VDIV befürwortet die virtuelle Versammlungsmöglichkeit
Der VDIV Deutschland setzt sich von Beginn an für die zusätzliche Option, Eigentümerversammlungen virtuell durchzuführen, ein. Den Gemeinschaften wird damit die Möglichkeit gegeben, schneller als bisher handlungsfähig zu sein. Der durch die Corona-Pandemie ausgelöste digitale Schub zeigt die hohe Akzeptanz dieser virtuellen Formate. Mobilitätseingeschränkte Personen, Alleinerziehende oder Besitzer*innen von vermieteten Wohnungen und Ferienunterkünften könnten sich zudem zuschalten, diskutieren und beschließen. Beschlüsse könnten damit durch eine viel größere Anzahl an aktiven Eigentümer*innen getragen und auf eine breitere Basis gestellt werden. Aber auch die Gruppe derjenigen, die bislang ungeübt mit dem Internet sind, wird nicht in ihrem Versammlungsrecht beschnitten. Vielmehr bleiben die Informationspflicht und Vollmachtausübung weiterhin erhalten. Zudem besteht die komfortable Möglichkeit, gemeinsam mit einem anderen Eigentümer online dabei zu sein, wie es der Gesetzentwurf vorsieht.

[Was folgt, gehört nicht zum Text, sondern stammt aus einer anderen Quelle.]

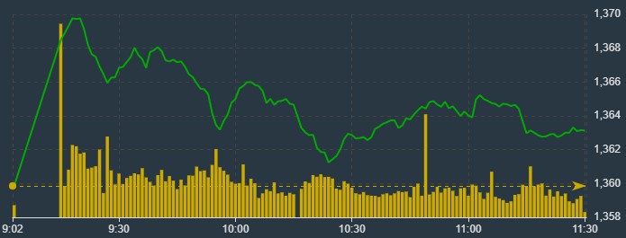Chỉ số chính đến hết phiên sáng còn tăng 3,28 điểm, tương đương 0,24%. Mức tăng cao nhất của chỉ số này ngay đầu phiên khoảng 0,77% so với tham chiếu. Như vậy VN-Index cũng mới trả lại thị trường hơn 7 điểm.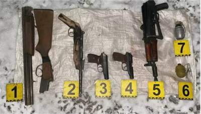 تەكسەرۋ بارىسىندا 16 كاليبرلى تەگىس ۇڭعىلى اڭشىلىق مىلتىق، 5.6 كاليبرلى قولدان جاسالعان مىلتىق، تراۆماتيكالىق جانە پنيەۆماتيكالىق تاپانشالار، كالاشنيكوۆ اۆتوماتى مەن جاۋىنگەرلىك جانە جارىق-شۋ گراناتاسى تاركىلەندى.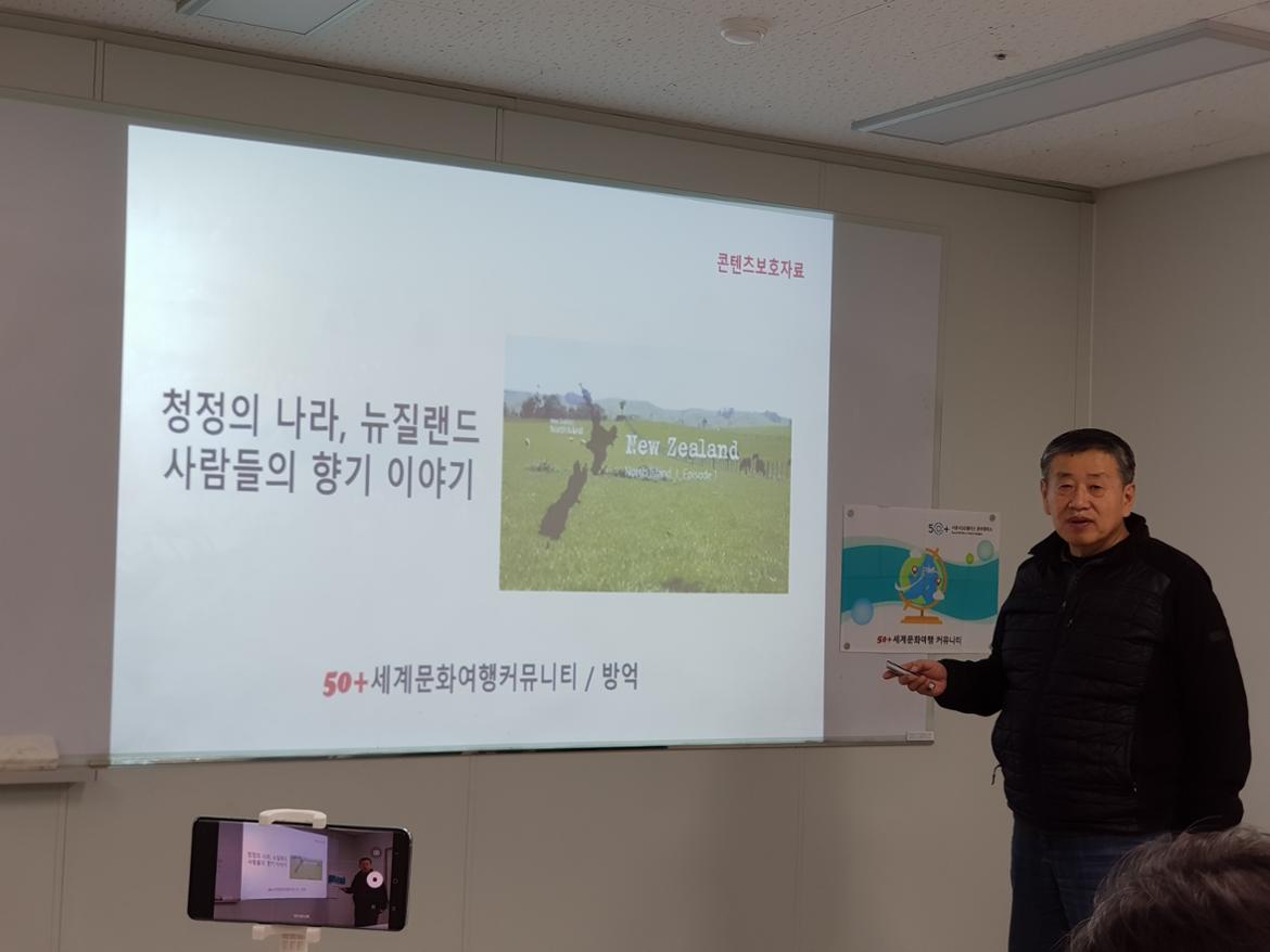 커뮤니티 [50+세계문화여행]의 이명조 회장은 수강생들에게 커뮤니티 참여를 권하며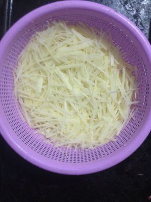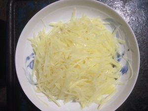 将土豆的皮刨掉,切丝(也可以用擦子擦),泡在水里去淀粉(防止土豆变黑)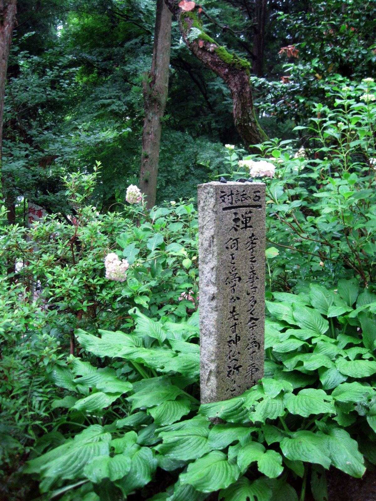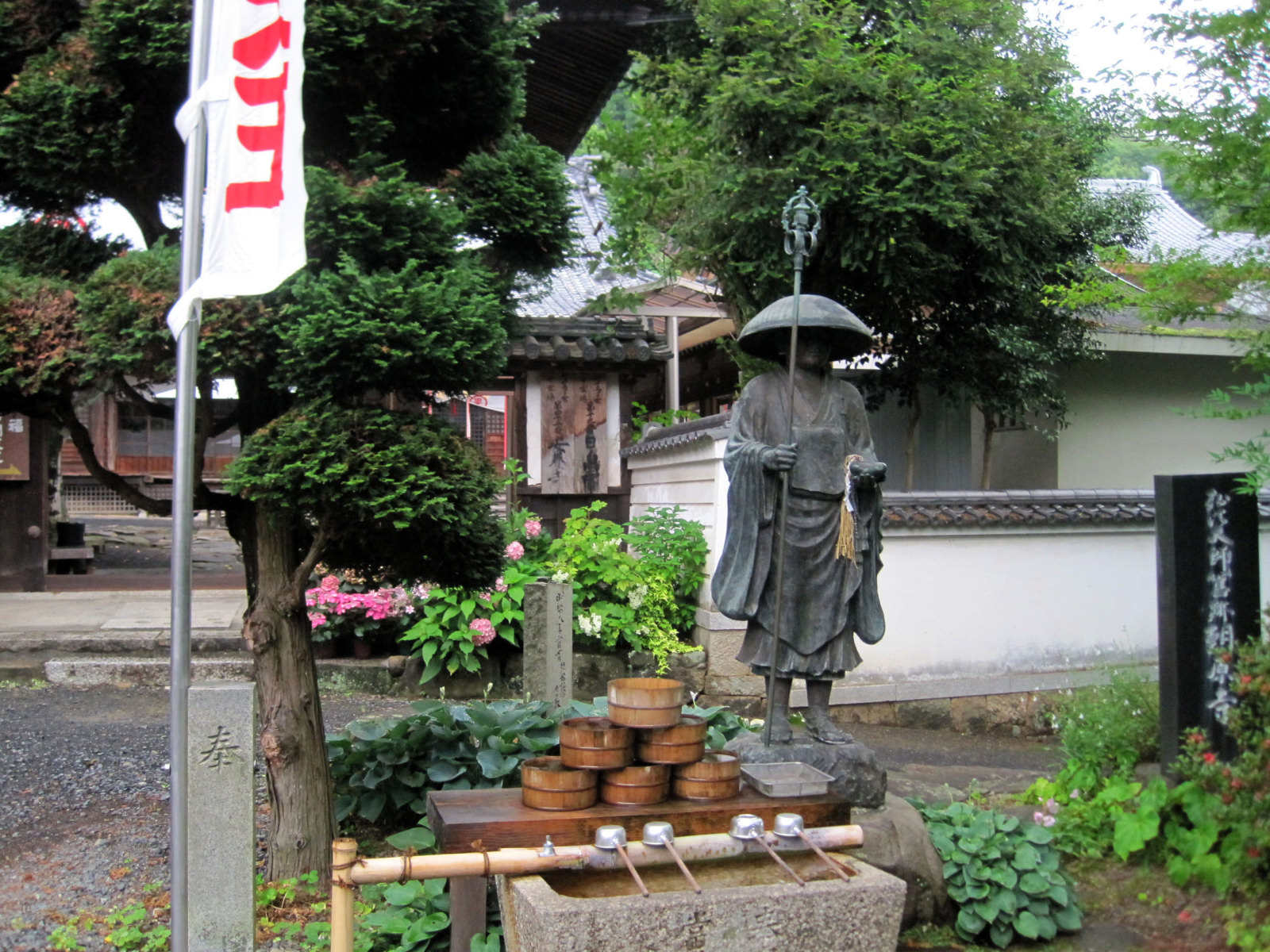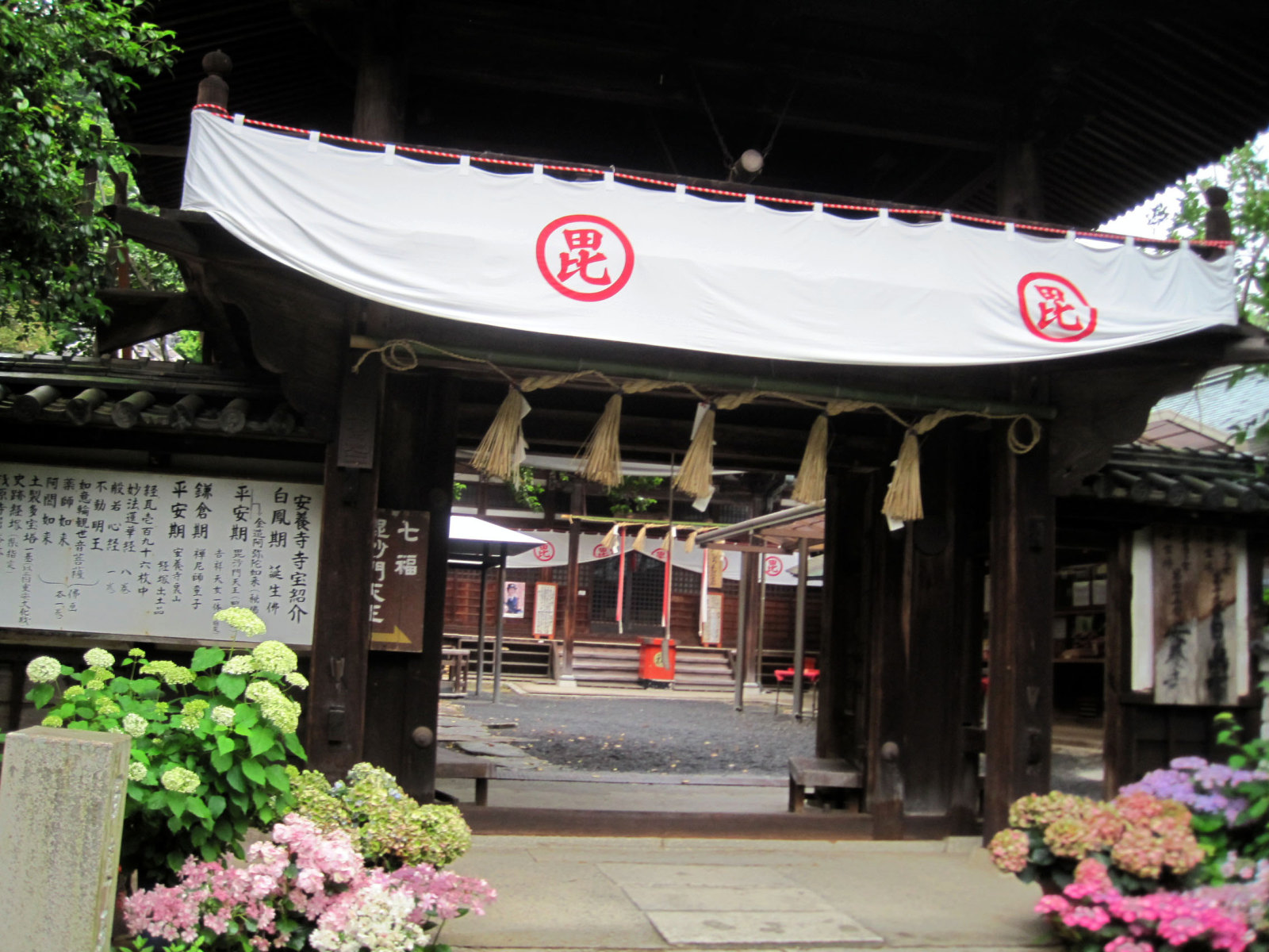 山門の所には,いくつもの紫陽花が,活けられていました。
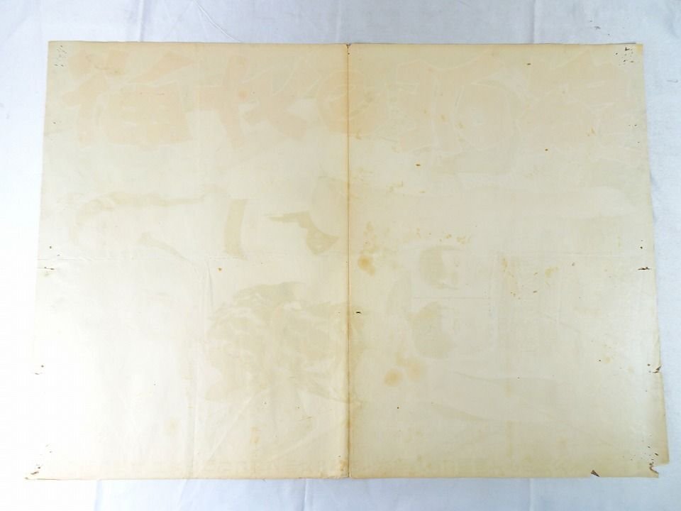 経年によるヤケ、破れ、鋲跡、折れあり。裏面にシミあり。丸めず梱包または折り跡あるものは折って発送いたします。

Zukünftig werden Gemeinschaften mit ihren Immobilienverwaltungen wohl auch unterjährig häufiger Entscheidungen treffen müssen, um u. a. gesetzliche Anforderungen erfüllen zu können. Die virtuelle Eigentümerversammlung kann daher eine wichtige Option sein, um künftige Herausforderungen im Wohnungseigentum zu meistern und dem Fachkräftemangel zu begegnen. Schon heute fehlt es an Personal, sodass viele Verwaltungen gezwungen sind, sich von Gemeinschaften zu trennen und/oder keine neuen Gemeinschaften annehmen Ein virtuelles Abstimmungstool würde einiges erleichtern.
Im Unterschied zur bisherigen Präsenzversammlung, ermöglicht die neue Versammlungsform, auch kurzfristige Reaktionen, wie zum Beispiel auf zeitlich befristete Förder- und Zuschussprogramme und ein einfacheres Zusammenkommen zwischen Gemeinschaft und Verwaltung, indem größerer organisatorischer Aufwand vorab entfällt.